## Exercise:
Print the data verbatim. Leave every image out.
Segment Start: Supplied information
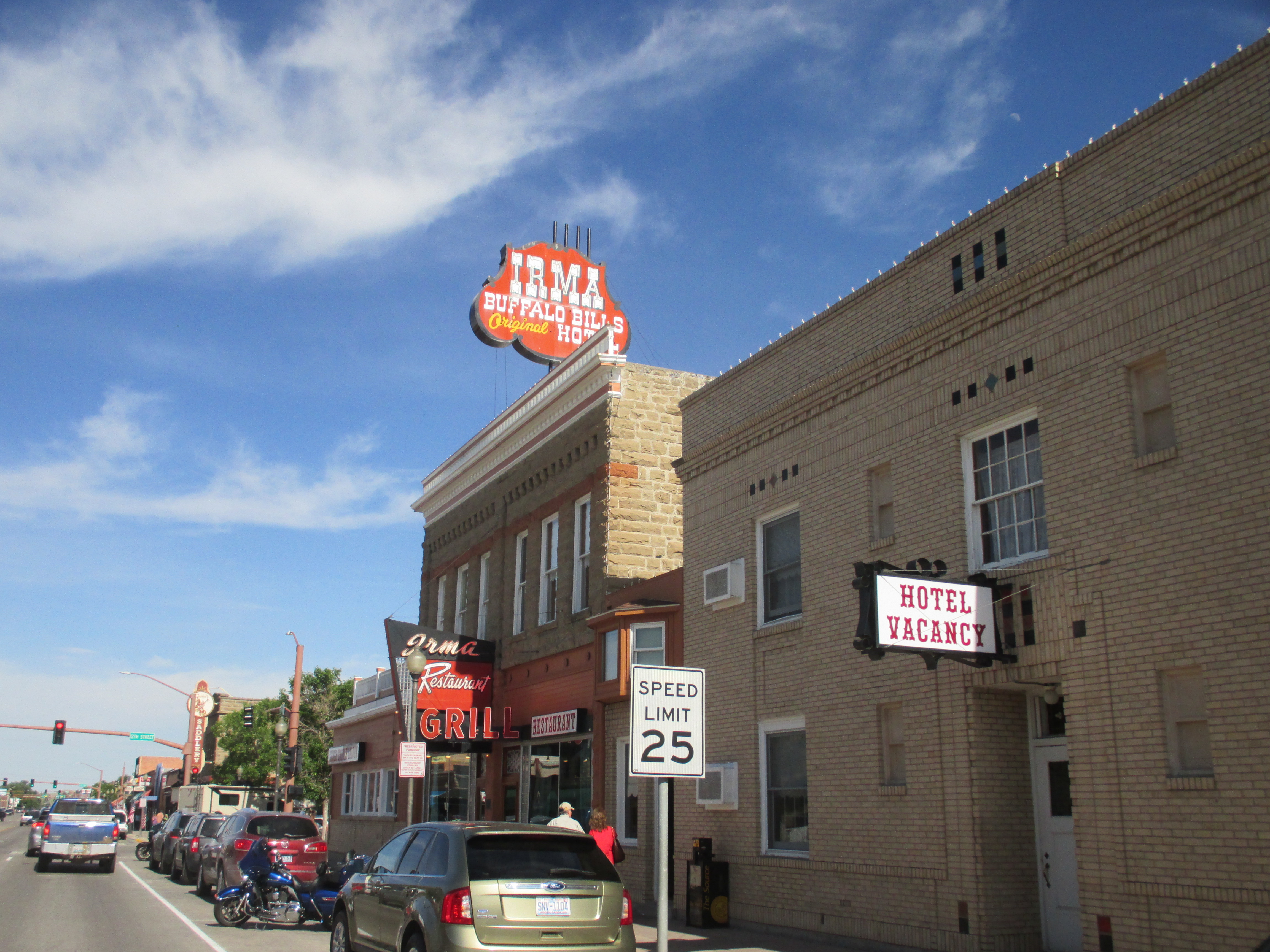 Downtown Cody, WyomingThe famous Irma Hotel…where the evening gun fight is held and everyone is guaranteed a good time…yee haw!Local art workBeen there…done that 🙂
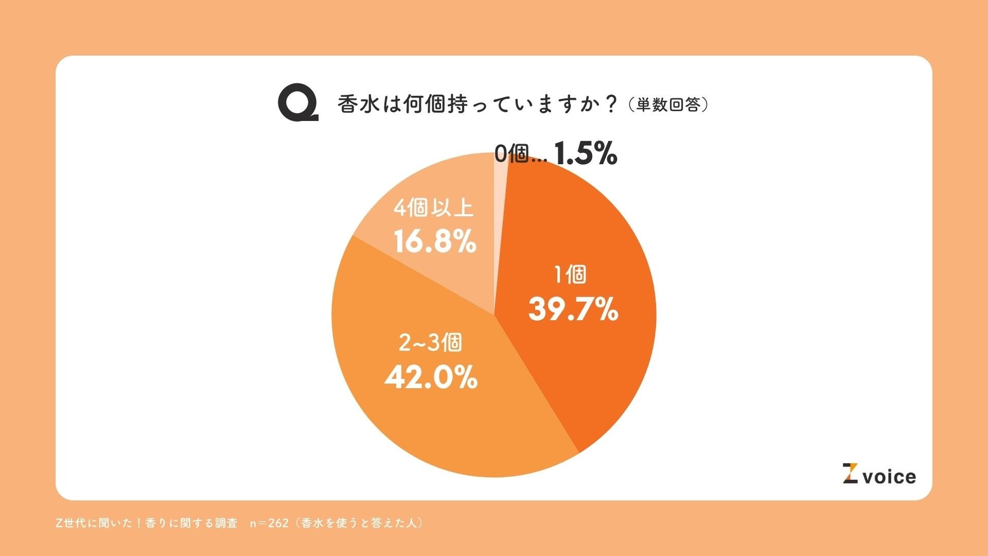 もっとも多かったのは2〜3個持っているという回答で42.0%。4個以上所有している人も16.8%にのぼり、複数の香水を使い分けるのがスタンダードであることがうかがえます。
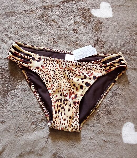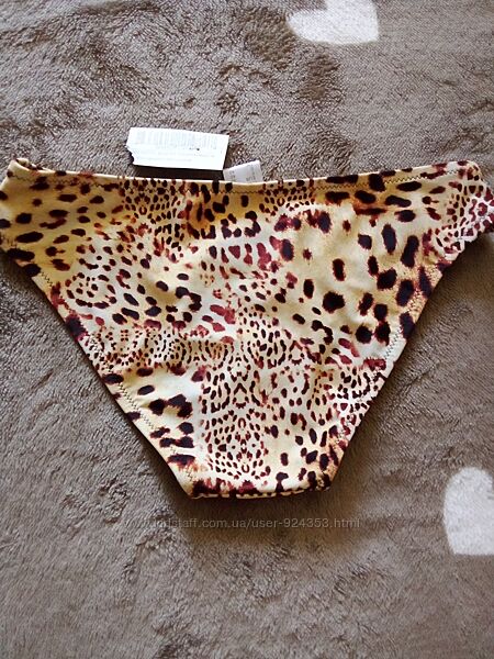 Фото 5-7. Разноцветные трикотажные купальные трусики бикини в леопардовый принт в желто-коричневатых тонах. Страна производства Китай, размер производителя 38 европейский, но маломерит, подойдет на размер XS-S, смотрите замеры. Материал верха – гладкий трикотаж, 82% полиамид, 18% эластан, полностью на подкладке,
Segment End: Supplied information
## Exercise solution:
 Downtown Cody, WyomingThe famous Irma Hotel…where the evening gun fight is held and everyone is guaranteed a good time…yee haw!Local art workBeen there…done that 🙂
 もっとも多かったのは2〜3個持っているという回答で42.0%。4個以上所有している人も16.8%にのぼり、複数の香水を使い分けるのがスタンダードであることがうかがえます。
 Фото 5-7. Разноцветные трикотажные купальные трусики бикини в леопардовый принт в желто-коричневатых тонах. Страна производства Китай, размер производителя 38 европейский, но маломерит, подойдет на размер XS-S, смотрите замеры. Материал верха – гладкий трикотаж, 82% полиамид, 18% эластан, полностью на подкладке,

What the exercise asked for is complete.